Свобода переходов, доступная, пожалуй, только сновидению, но, в отличие от него, несущая и генерализующую, скрепляющую идею. Тут и стихотворение в прозе, и философские ламентации, и неожиданно вписывающаяся в контекст грозного времени тень тирана Тиверия, и песенка маленькой девочки,- все вместе. А ведь меньше трех страничек машинописного текста!
Что касается пейзажных картин в дневниках, то они подчас не уступают в изобразительной силе лучшим бунинским рассказам. Только, пожалуй, еще более настойчиво, чем в "чистой" прозе, проводится (на протяжении десятилетий!) контраст между величием и красотой природы и убожеством, грязью, нищетой, жестокостью, даже дикостью деревенского человека, глубоко прячущего и стесняющегося своих добрых чувств как чего-то потаенного, запретного.
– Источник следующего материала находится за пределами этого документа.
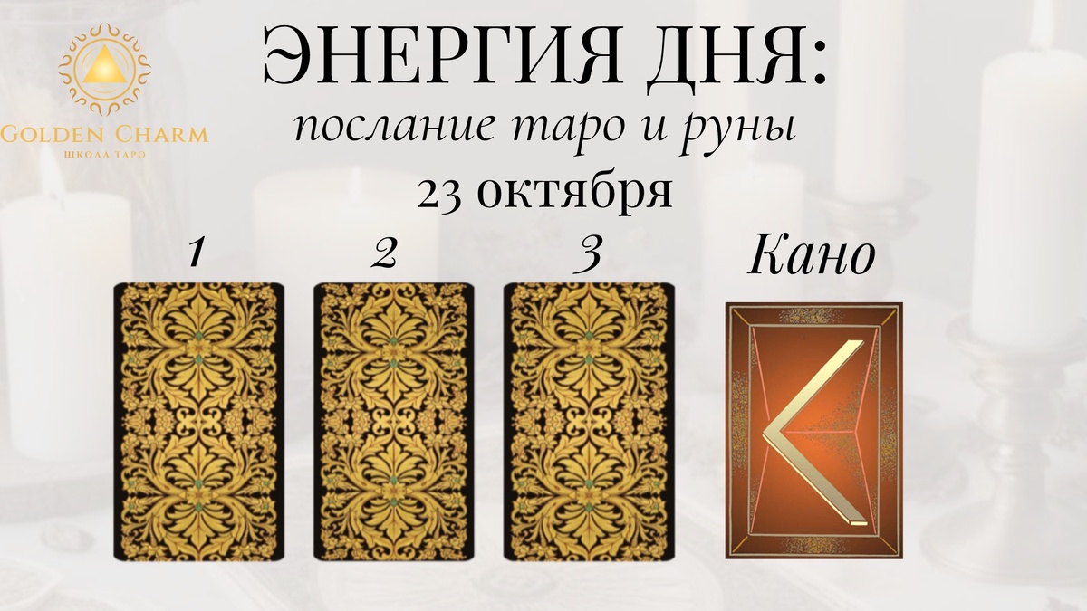 Заказать личный расклад тут✅ Прогноз на 23 октября : что тебя ждёт Приходи на обучение Таро ✅ Выбери карту — 1, 2 или 3 — и узнай, какой путь для тебя: 1. Паж Кубков Этот день наполнит твоё сердце радостью и вдохновением. Возможно появление новых друзей, творческих идей и приятных сюрпризов. Открой своё сердце новым впечатлениям! 2. Влюблённые Время выбора и принятия решений. Сегодня ты можешь столкнуться с необходимостью сделать выбор между двумя вариантами. Прислушайся к своему сердцу и интуиции — они подскажут верный путь. 3. Семёрка Мечей Будь осторожнее с действиями и словами. Этот день может принести испытания и проверки твоей мудрости и выдержке. Прояви терпение и осмотрительность. Руна дня — Кано Это хороший день для творчества, самовыражения и проявления своей индивидуальности. Пусть свет внутри тебя озаряет твой путь. Напиши цифру карты + КАНО в комментариях, чтобы активировать энергию. Хочешь личный расклад? Пиши — посмотрим, что ждёт тебя: Заказать личный расклад
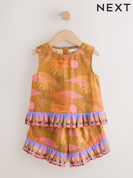 Olive Green Tropical Peplum Blouse and Shorts Set (3-16yrs)
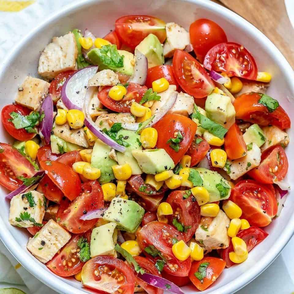- Per 4 porzioni. Sciogliere il burro in una padella a fuoco medio-alto, aggiungere il pollo e condire con sale e pepe, lasciando cuocere per circa 4 minuti per lato, poi farlo riposare e tagliare a cubetti. Mescolare il pollo con il pomodoro, l’avocado, la cipolla, il coriandolo e il mais. Infine spremere il succo di limone, condire con olio d’oliva, mescolare e condire a piacere.

Навестив 108-летнего Таганка, живущего в богатой крестьянской семье, Бунин с горечью отмечает: "И чего тут выдумывать рассказы - достаточно написать хоть одну нашу прогулку". И вправду, "невыдуманное" страшнее написанного. В выросшем из этой "прогулки" прекрасном рассказе "Древний человек" (законченном уже через три дня-8 июля 1911 года) трагизм все-таки смягчен "формой" пространными диалогами, художественными подробностями, тюканьем сверчка, появлением дымчатой кошки ("сбежала на землю - и стала невидима"). Здесь же, в дневнике, ничто не отвлекает от главного, все обнажено до степени телеграфной строки, извещающей о человеческой беде: сам Таганок - "милый, трогательный, детски простой" и - "Ему не дают есть, не дают чаю - "ничтожности жалеют"..."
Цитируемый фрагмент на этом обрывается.